The GitHub Actions job "Required Checks" on texera.git/main has succeeded.
Run started by GitHub user github-merge-queue[bot] (triggered by 
github-merge-queue[bot]).

Head commit for run:
439ea72e46b78aec7f71e8889225f2c90942a2c2 / Anish Shivamurthy 
<[email protected]>
feat(huggingface): add audio and media generation tasks (#5570)

## What changes were proposed in this PR?

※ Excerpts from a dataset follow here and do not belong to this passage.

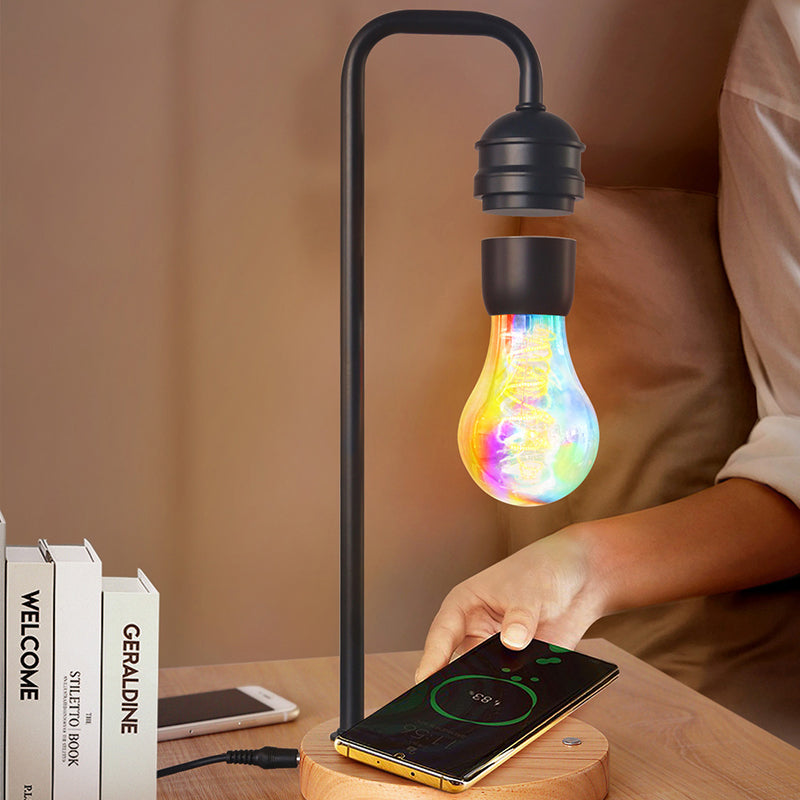 Contemporary Simplicity Rubber Wood Iron Magnetic Levitation LED Table Lamp For Study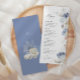 Boho Rustic Elegant No Menu De Casamento Azul Dusty, Shell Coral Do Oceano Praia. O estilo boêmico arranjou conchas balneares minimalistas com elegantes e simples conchas e corais de bolor, azuis e creme, com impressão em branco. A cor de fundo azul empoeirada é linda para casamentos de boho e casamentos de praia. Convites editáveis para primavera, verão, outono (outono) e casamentos no inverno.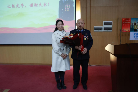 授课结束后,学生党员代表,青马明志党支部组织委员陈雅文同志向胡永鹏警官献花,向英模学习、致敬。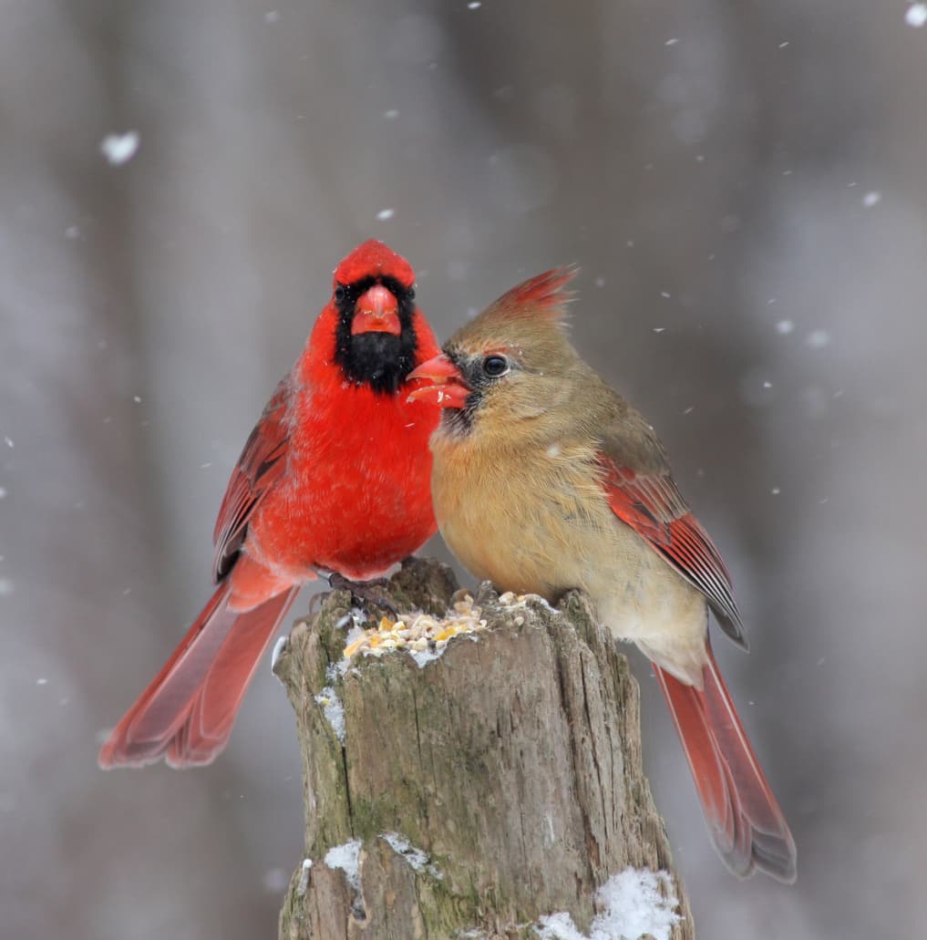 En el caso de los cardenales, las aves se distinguen porque los machos son de color rojo y las hembras café brillante.
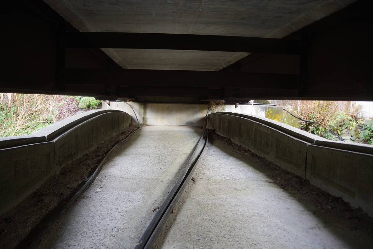 現橋の鋼桁と、旧橋のコンクリート高欄の隙間から、その奥に見えている旧橋路面に潜り込む。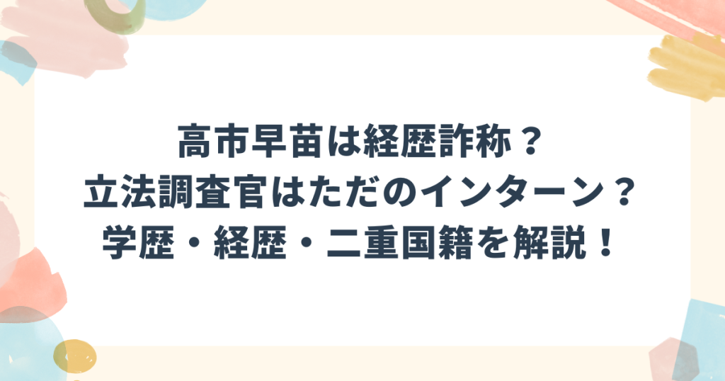 高市早苗は経歴詐称?立法調査官はただのインターン?学歴・経歴・二重国籍について解説!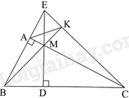 c) Đường thẳng BM cắt EC tại K. Chứng minh rằng \(\widehat {EKA} = \widehat {EBC}\).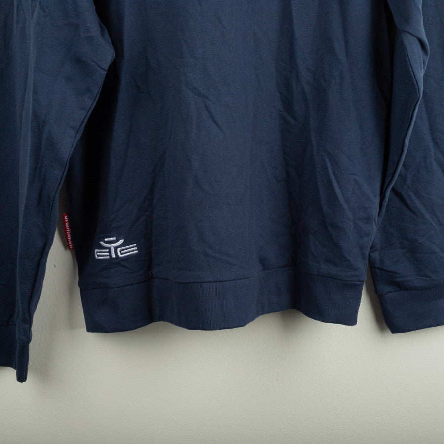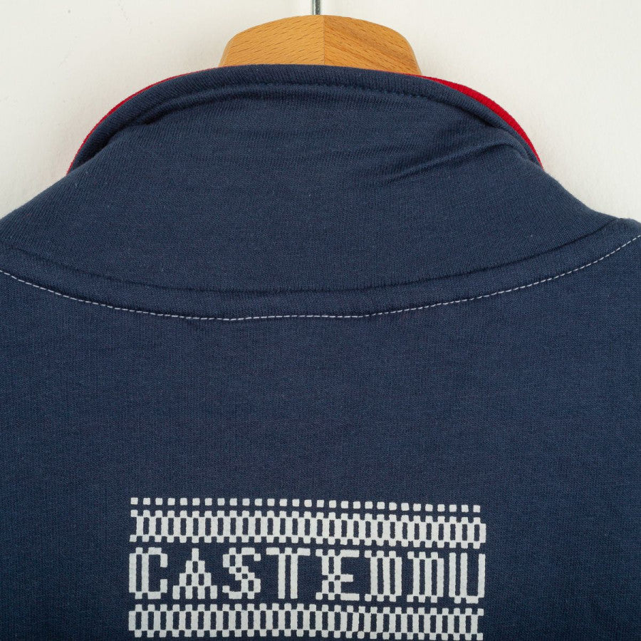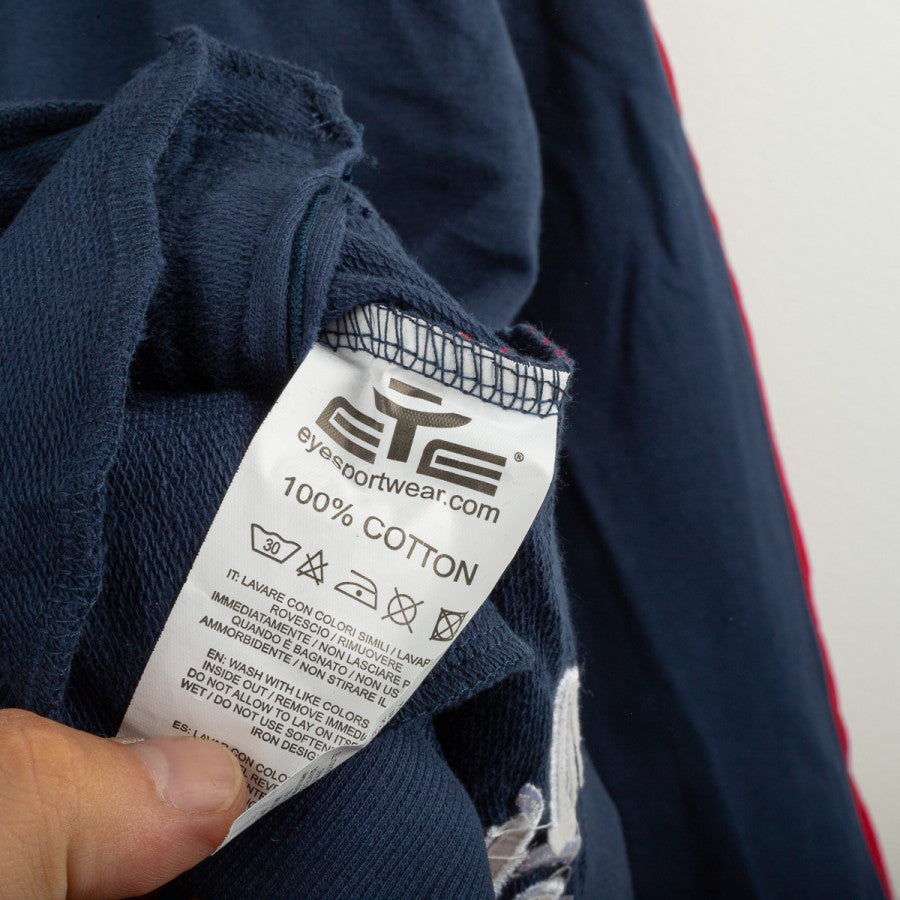 Cagliari Calcio full-zip hoodie from the 2022/2023 season, made by Eye Sport. Navy blue with red and white details. Embroidered Eye Sport logo on the right chest and stitched Cagliari club crest on the left. Full front zipper with branded pull and side pockets. Elastic cuffs and hem for a comfortable fit. Cotton and polyester blend, perfect for training or casual wear. Size M.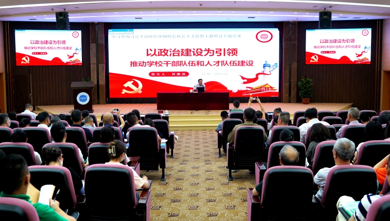 周激流围绕习近平新时代中国特色社会主义思想的丰富内涵,主题教育的总要求和根本任务,结合推进学校高质量发展的工作实际,与大家深入交流了学习习近平新时代中国特色社会主义思想的认识和体会。他结合“不断提升政治能力、思维能力、实践能力”的要求,从党的政治建设是党的根本性建设;加强党的政治建设,关键是提高各级各类党组织和党员干部政治能力;以政治建设引领我校的干部队伍;以政治建设引领我校的师资队伍建设四方面展开讲授。

Adds the audio and media-generation task families — 5 HF pipeline tasks
— as new `TaskCodegen`s plugged into the dispatcher established by the
text-generation PR:

audio tasks: `automatic-speech-recognition`, `audio-classification`,
`text-to-speech`

media-generation tasks: `text-to-image`, `text-to-video`

`codegen/AudioTaskCodegen.scala` supplies the per-task payload + parse
Python branches for the 3 audio tasks.

`codegen/MediaGenCodegen.scala` supplies the per-task payload + parse
Python branches for the 2 media-generation tasks.

`CodegenContext` is extended with `audioInput` + `inputAudioColumn`
(`EncodableString`).

`HuggingFaceInferenceOpDesc.scala` gains 2 new `@JsonProperty` fields
and registers `AudioTaskCodegen` + `MediaGenCodegen` in the dispatcher.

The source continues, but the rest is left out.